We utilized shoulder trajectory length to compare trunk movements during goal-directed arm reaches. This trunk movement measure has not been tested for its validation and reliability. However, our preliminary results showed that the STL is more sensitive than trunk displacement in chronic stroke survivors to quantify the trunk movements during goal-directed arm reaches. Future studies are needed to test its validity and reliability.

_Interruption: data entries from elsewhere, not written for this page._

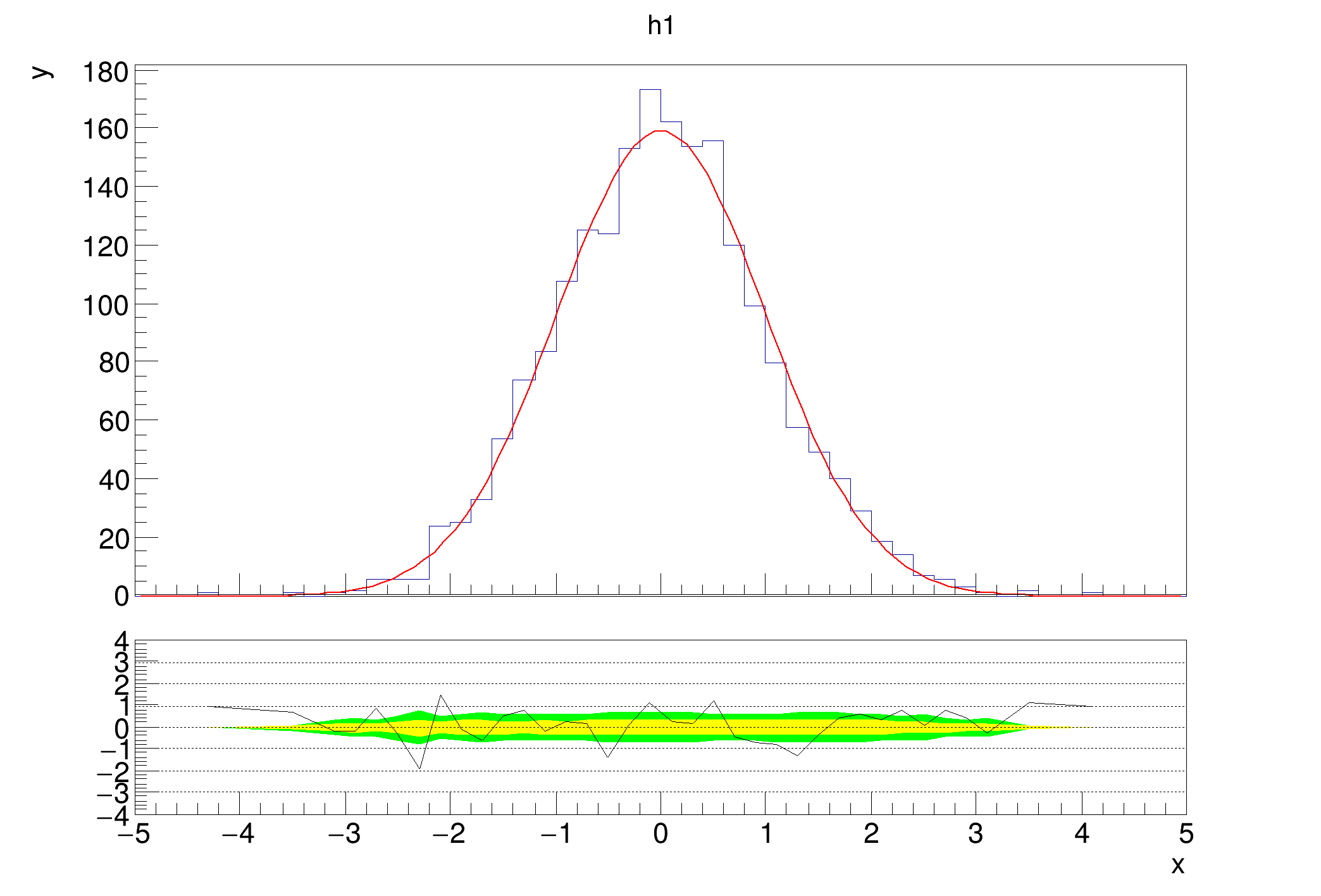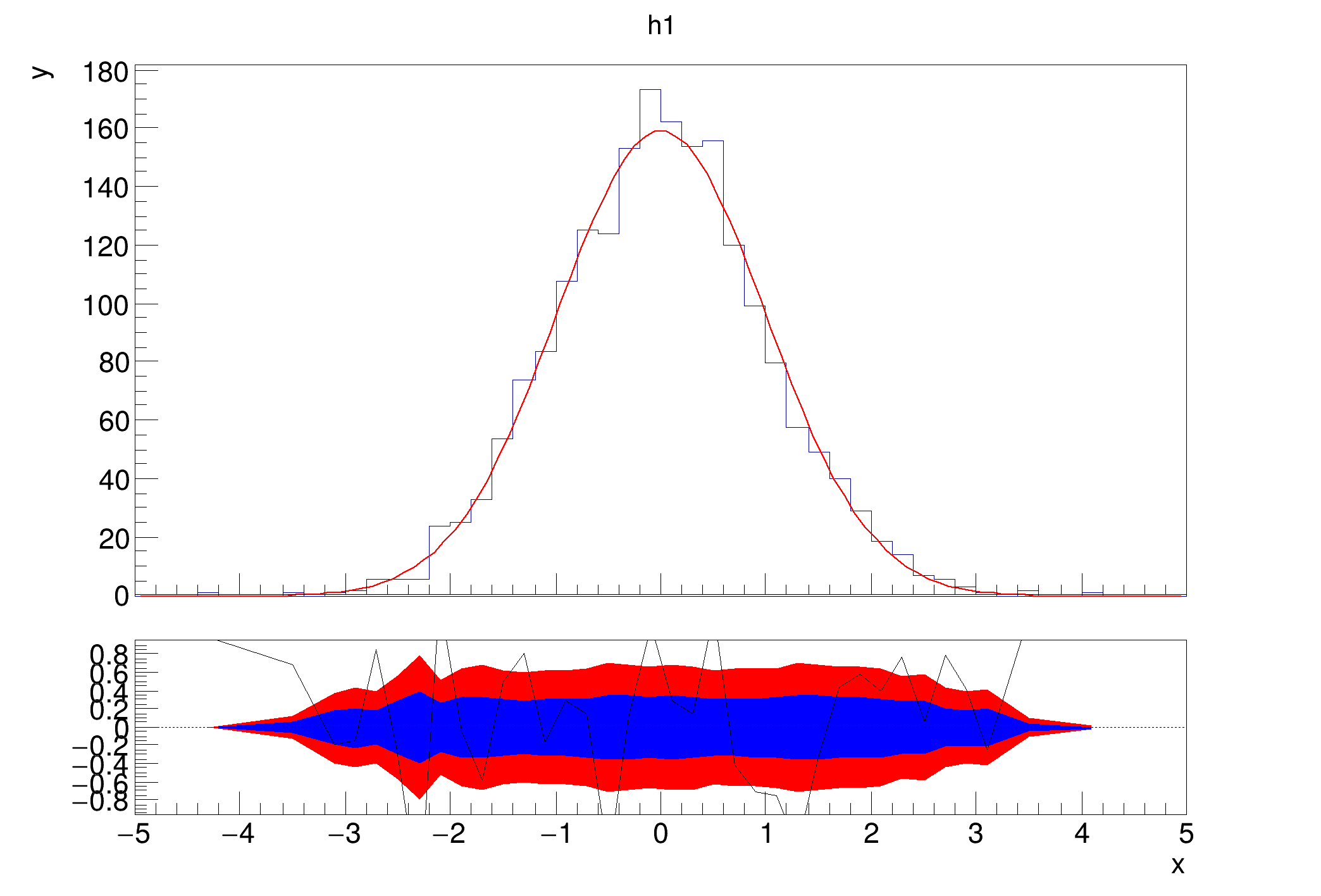 A second constructor only accepts a single histogram, but expects it to have a fitted function. The function is used to calculate the residual between the fit and the histogram. Here, it is expected that h1 has a fit function in it's list of functions. The class calculates the difference between the histogram and the fit function at each point and divides it by the uncertainty. There are a few option to steer which error is used (as is the case for diffsig). The default is to use the statistical uncertainty from h1 using TH1::GetBinError. If the option string contains errasym, asymmetric errors will be used. The type of error can be steered by TH1::SetBinErrorOption. The corresponding error will be used, depending on if the function is below or above the bin content. The third option errfunc uses the square root of the function value as the error.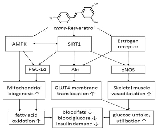 Since its discovery, resveratrol has been shown to exert multifaceted effects on mitochondrial function, bone metabolism, cancer and neurodegenerative disease [28,29], the most consistent being its activation of sirtuins, which may also increase lifespan [30]. The activation of SIRT1 by resveratrol, resulting in increased in AMP-activated protein kinase (AMPK) activity, is thought to be a panacea for preventing age-induced diseases, including diabetes [25,31]. AMPK is expressed in various tissues, e.g., brain, liver, skeletal muscle and adipocytes [32]. Skeletal muscle is a major site for glucose uptake and glycogen synthesis (~80%) [33]. The postprandial elevation of blood glucose triggers insulin release, which suppresses endogenous glucose production (breakdown of glycogen) in muscle cells and activates GLUT4 transporters (highly expressed in muscles) to facilitate uptake of glucose into muscle cells for glycogen synthesis, thereby reducing blood glucose concentration [5,6]. As a master regulator of metabolism, the activation of AMPK upregulates mitochondrial biogenesis, inhibiting triglyceride synthesis and stimulating glucose uptake and fatty acid oxidation in the skeletal cells, which in turn improves insulin sensitivity [32,34].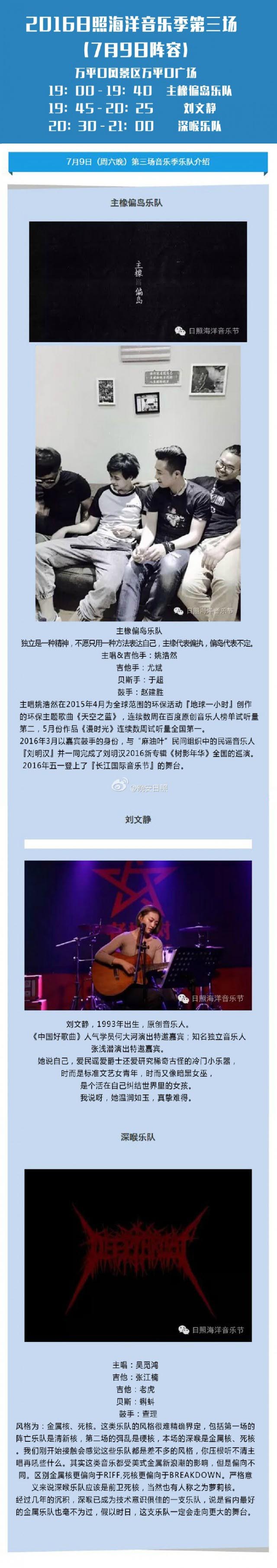 7月9日(本周六)晚上,日照海洋音乐季第三场演出将在万平口景区继续上演。作为日照海洋音乐节的预热表演,海洋音乐季第三场演出阵容为主橡偏岛乐队、刘文静和深喉乐队3支乐队参演,演出时间从7月9日19:00持续到21:30,本地市民持身份证或一卡通可免费观看。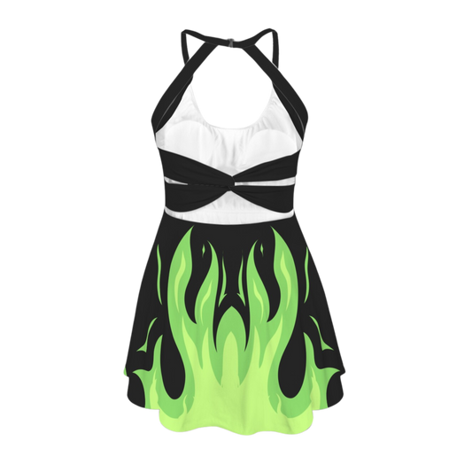 Mistress Green Flame Open Back Flare Skirt Active Dress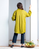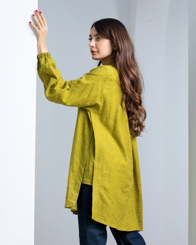 شومیز لینن فری سایز راه راه ریز رنگ زرد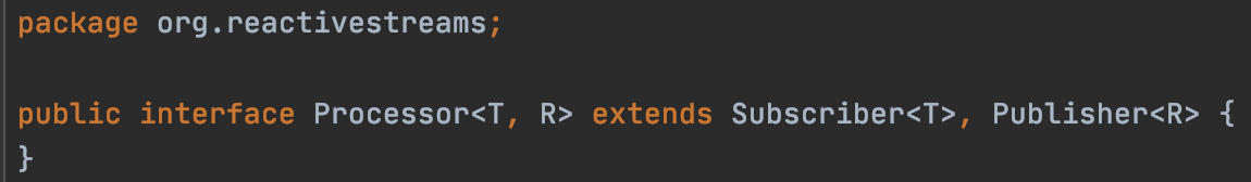 Processor 代表的就是订阅者和发布者的处理阶段,Processor 接口继承了 Publisher 和 Subscriber 接口。它用于转换发布者——订阅者管道中的元素。Processor 订阅类型 T 的数据元素,接收并转换为类型 R 的数据,并发布变换后的数据。可以拥有多个处理者。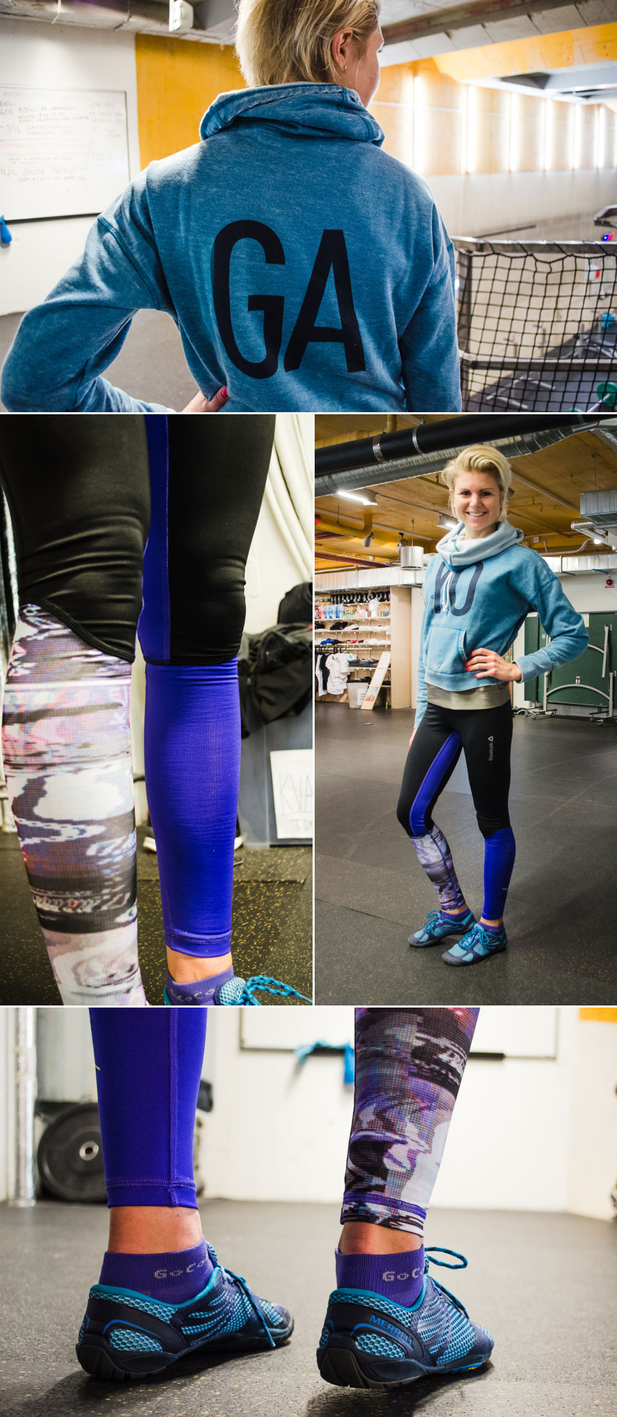 Men som modeintresserad gillar jag ändå snygga och passande träningskläder, även om jag inte tänker på dem när jag väl tränar mer än för sin funktion. Reebok är crossfit för mig, så min sköna hoodie och tajts med extra kompression över vaderna av märket kändes helrätt. Till det lite lördagsglam med bronsfärgat linne från Casall, samt matchande strumpor från Gococo och skor från Merrell.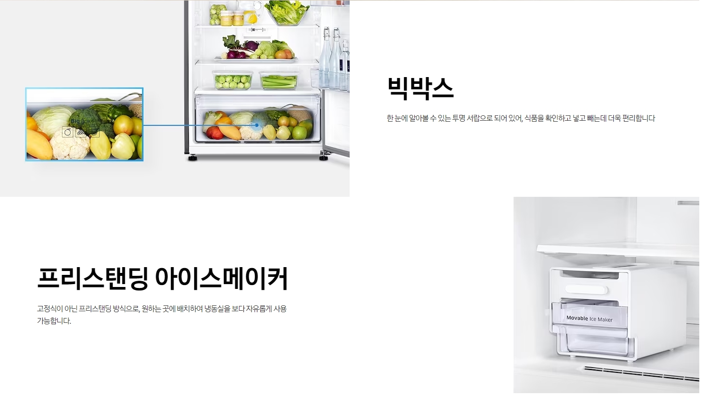 빅박스 : 한 눈에 알아볼 수 있는 투명 서랍으로 되어 있어, 식품을 확인 하고 넣고 빼는데 더욱 편리합니다.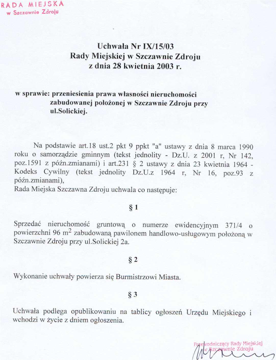 Uchwała nr IX/15/03 Rady Miejskiej w Szczawnie Zdroju z dnia 28 kwietnia 2003 roku - w sprawie przeniesienia prawa własności nieruchomości zabudowanej położonej w Szczawnie Zdroju przy ul. Solickiej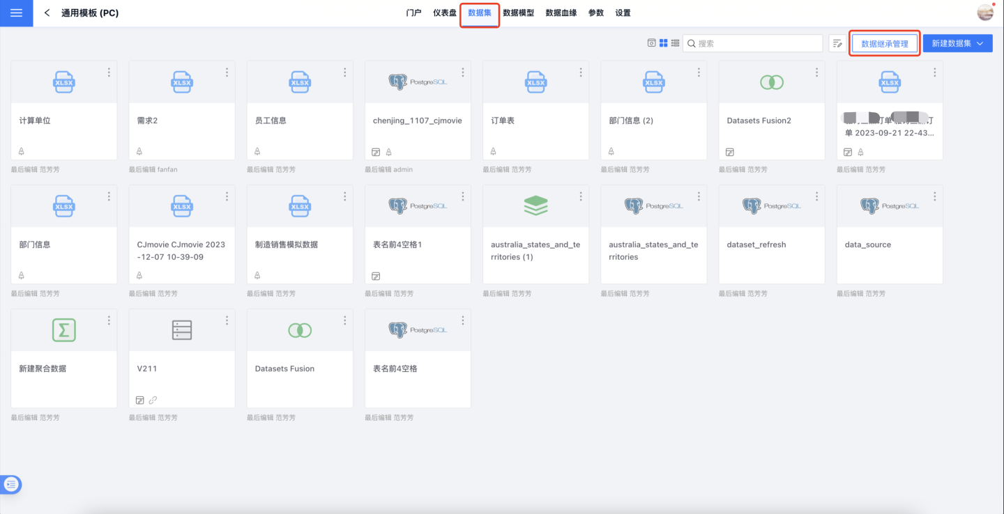 - 继承数据集不支持复制、删除、重命名、替换数据集、编辑数据集。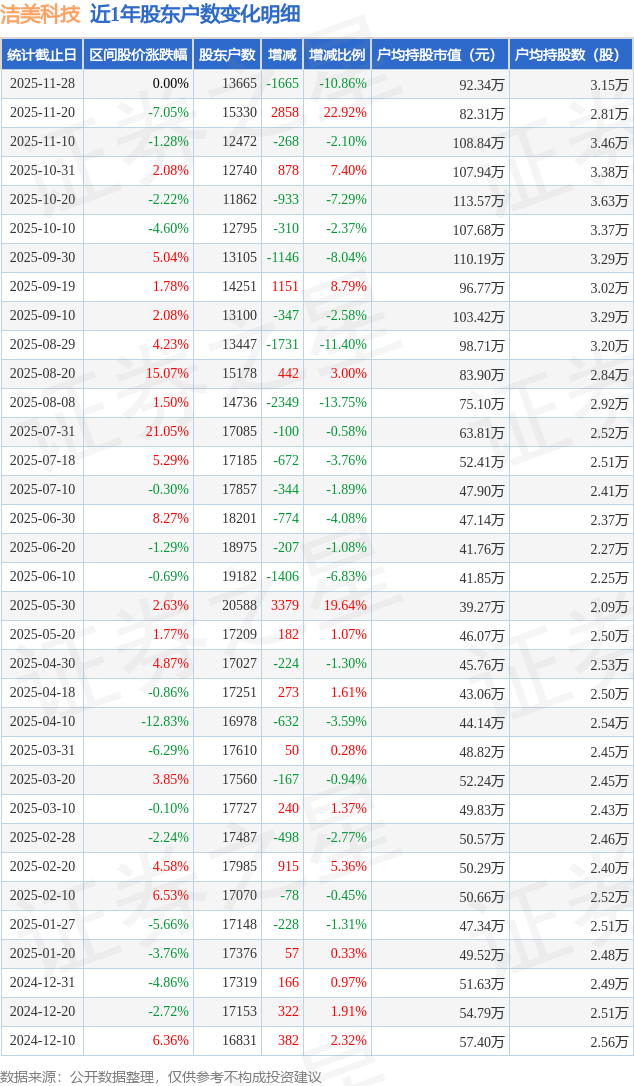 从股价来看,2025年11月20日至2025年11月28日,洁美科技区间跌幅为0.0%,在此期间股东户数减少1665.0户,减幅为10.86%。
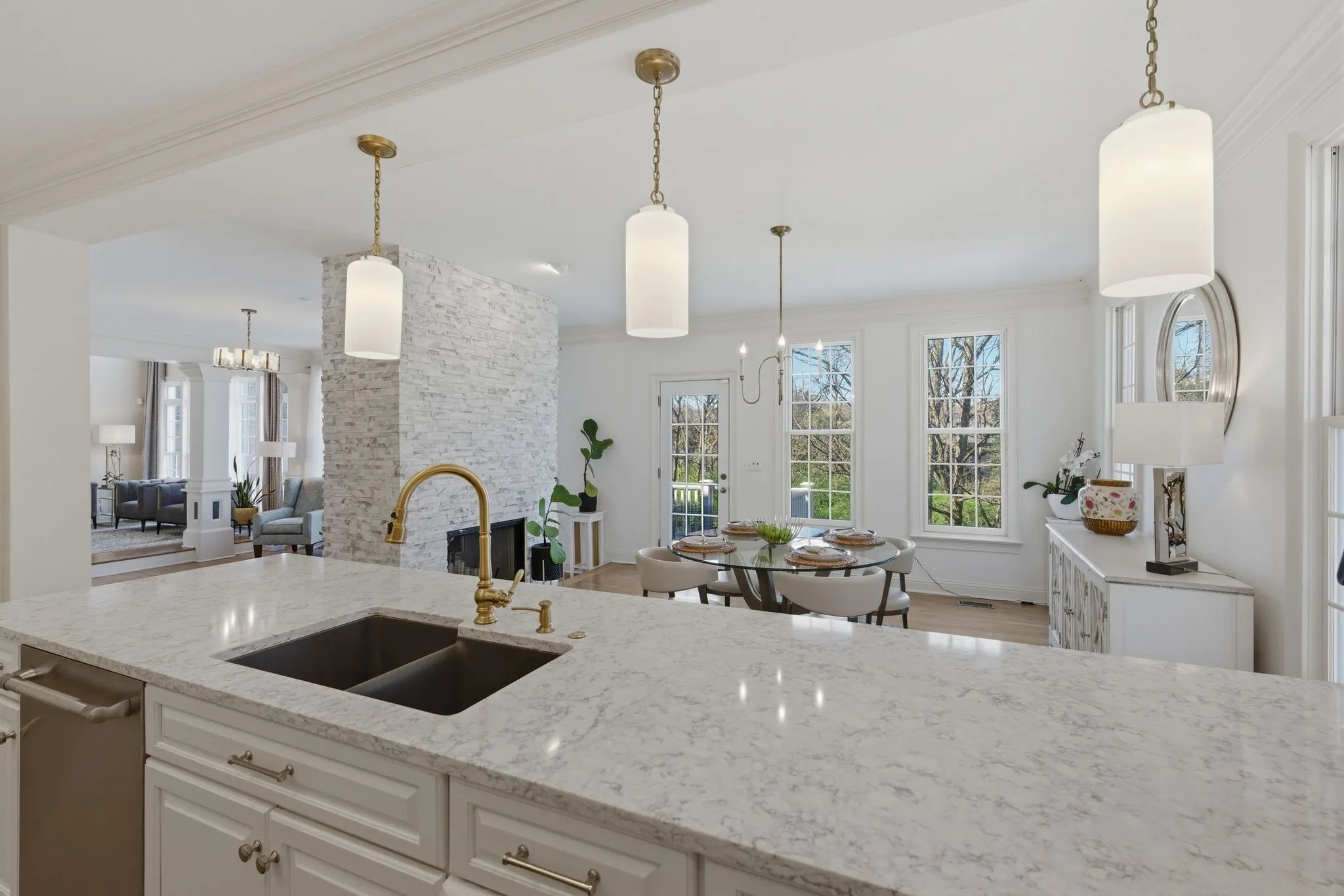 Located in the highly sought-after McGavock Farms community in the heart of Brentwood, this beautifully updated home offers space, natural light, and a private park-like backyard with a peaceful creek. The main level features a renovated white kitchen with JennAir appliances, quartz countertops, island seating, and abundant cabinetry, complemented by warm, designer-selected finishes that add character and contrast throughout the home. Two dining areas provide flexibility for both everyday living and entertaining. A dramatic two-story great room with a wall of windows and a two-sided stacked stone fireplace fills the home with natural light. The upgraded primary suite, six bedrooms, and five and a half baths provide excellent space for family and guests. The walkout basement includes a gym, media room, and billiard space, while the three-car garage features epoxy floors and workshop space. Zoned for Scales Elementary, and walk-able to Brentwood Middle & Brentwood High Schools. Just minutes from Brentwood’s grocery, retail, dining, and I-65 access with convenient access to downtown Nashville.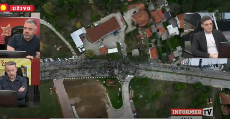 Na televiziji Informer prikazan je snimak dronom koliko se blokadera trenutno nalazi ispred zgrade i koliko njih sprovodi talačku krizu.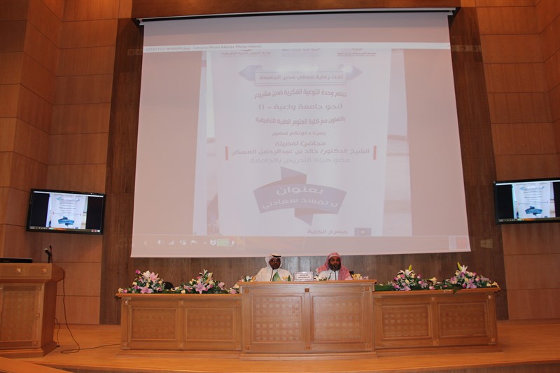 بتوجيه من عميد الكلية سعادة الدكتور/ حمدان بن علي الشهري, رعى وكيل الكلية سعادة الدكتور/ طارق الحديدي محاضرة بعنوان (لا تفسد سعادتي), والتي ألقاها سعادة الشيخ الدكتور/ خالد بن عبدالرحمن العسكر بمسرح الكلية كلية العلوم الطبية التطبيقية , تأتي هذه المحاضرة في إطار مشروع (نحو جامعة واعية-1) بإشراف وحدة التوعية الفكرية بالجامعة.

Another limitation of our study is that we did not incorporate the Index of Difficulty (ID) from Fitt’s law35 or the modified ID from recent studies, such as those by Lucchese and colleagues36, to quantify task difficulty explicitly. While these metrics are valuable for continuous and repetitive pointing or grasping motor tasks, our discrete motor tasks, characterized by distinct arm reaching movement onsets and offsets, posed challenges in the direct application of the ID equations. As a result, we relied on the target size as an alternative measure of task difficulty in our statistical analyses. While this choice allowed us to explore the impact of target size on motor performance, it is essential to acknowledge that our approach diverged from the traditional application of the ID metrics in motor control studies. Future research could potentially explore adaptations of these metrics to discrete motor tasks to provide a more comprehensive evaluation of task difficulty in similar contexts.

Conclusion

This study illuminates the different goal-directed arm reaching control strategies employed by non-disabled young adults when performed motor tasks of varying hand dexterity requirements. Notably, our investigation affirms that imposing an elbow extension constraint can influence the motor control strategies governing goal-directed arm reaches in this population. These results underscore the imperative consideration of specific motor task conditions, particularly the intricacies of hand dexterity demand, in the assessment and intervention of arm and hand motor function.